If a user-defined type has a subset of fields that satisfy the requirements for hash_as_bytes(), its author can place those fields in a sub-struct.

Note: We considered allowing users to pass multiple objects to hash_as_bytes, and having it treat them as a single long byte array, optimizing cases where objects are adjacent. However, because fast hash functions operate block-at-a-time, this would be difficult to implement without either copying data or changing the resulting hash value.

It would be possible to perform the above optimization automatically inside some calls to hash_combine() where arguments are adjacent and appropriate sizes, but Austin Appleby believed this was likely to surprise people, so we have a way for users to request it explicitly.

The `hash_code` type

The authors of this paper initially believed that having all intermediate hash values bottleneck through size_t would increase the collision rate and reduce performance. Geoff Pike and Austin Appleby agreed that size_t does increase the collision rate and reduce performance slightly, but not enough to justify the extra complexity of avoiding it. So, algorithmically, it would be fine to have all hash functions return size_t.

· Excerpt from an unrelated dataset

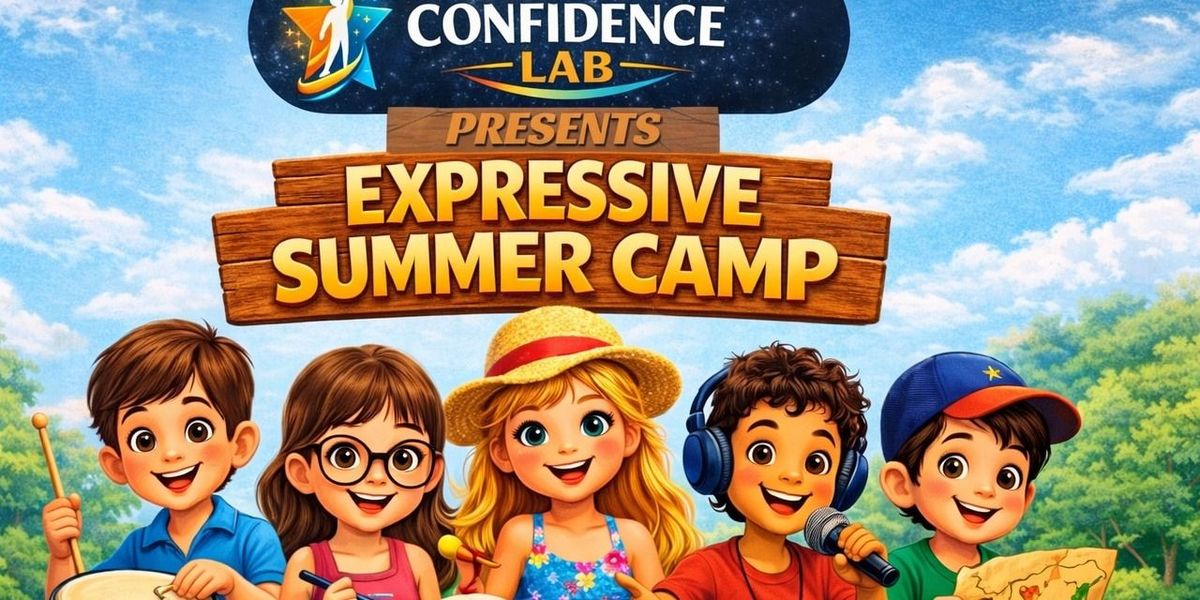 Expressive Summer Camp by The Confidence Lab is a 7-day experiential program for children (6+), focused on building confidence, communication, creativity, and life skills through fun activities like aqua fitness, drumming, coffee painting, music expression, sandcastle building, treasure hunt, and talent showcase.
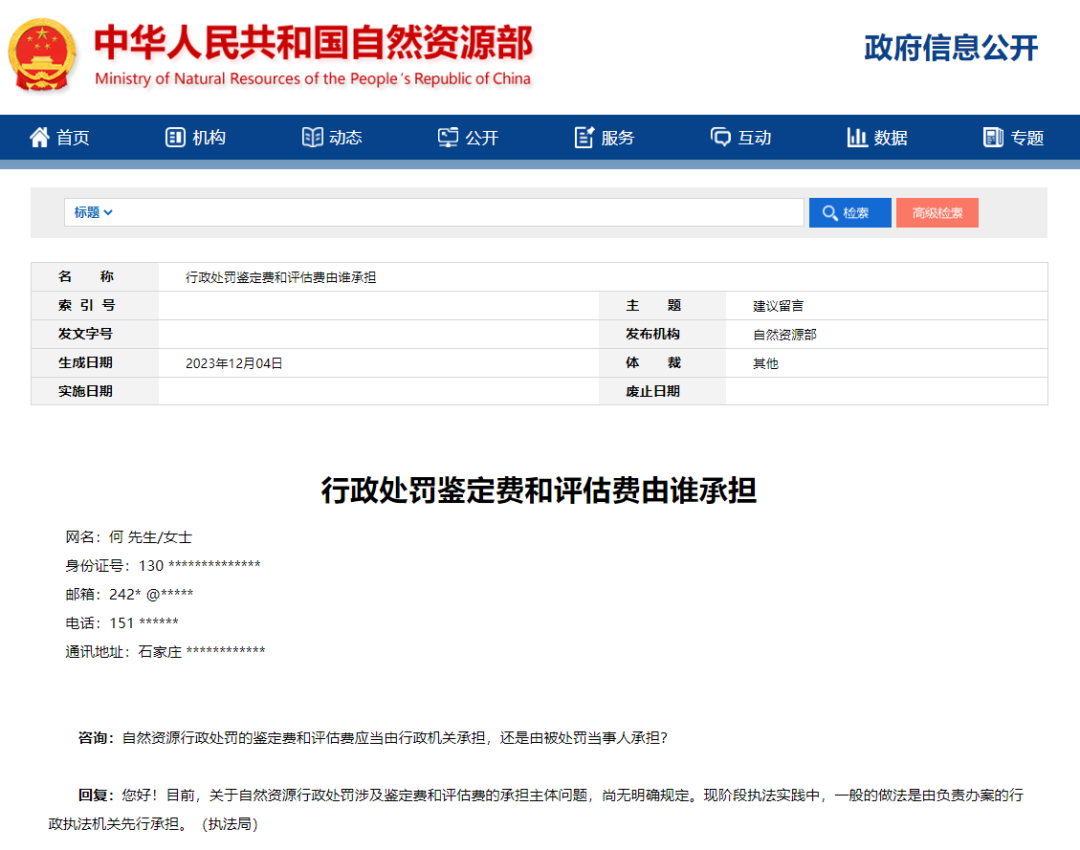 咨询回复:砂石土类矿产采矿权新立、行政处罚鉴定费和评估费由谁承担

However, Austin argued that "if hash() doesn't behave like a function in the mathematical 'y = f(x)' sense due to the intentionally unstable implementation, then hash_code should not behave like a number and should be as opaque as possible" in order to avoid user confusion. We've decided to have the three hash utility functions return a new hash_code object:

namespace std {
  class hash_code {
    // Implementation-specific state; probably size_t.
  public:
    // For compatibility with existing hash functions
    hash_code(size_t value);
    // Copyable, assignable.
    hash_code(const hash_code&);
    hash_code& operator=(const hash_code&);
    // Explicit conversion to size_t.
    explicit operator size_t() const;
  }
  bool operator==(const hash_code&, const hash_code&);
  bool operator!=(const hash_code&, const hash_code&);
  hash_code hash_value(const hash_code&);
}

For backward compatibility with existing hash tables using std::hash<T>, its operator() still needs to return size_t.

Future work

A single hash function that's easy to implement isn't enough for all use cases. The standard library should offer a collection of stable Fingerprint algorithms so that users can share their results between different implementation, and get more specialized characteristics in the output. These algorithms need a way to traverse user-defined types, and the above hash_value() function doesn't directly generalize. It is outside the scope of this paper to discuss approaches to generic fingerprinting algorithms.

Acknowledgements

Thanks to Geoff Pike (the author of CityHash) and Austin Appleby (the author of MurmurHash) for providing expert guidance. Thanks to Lawrence Crowl, Matt Austern, and Richard Smith for helping with the C++ interfaces and editing this paper.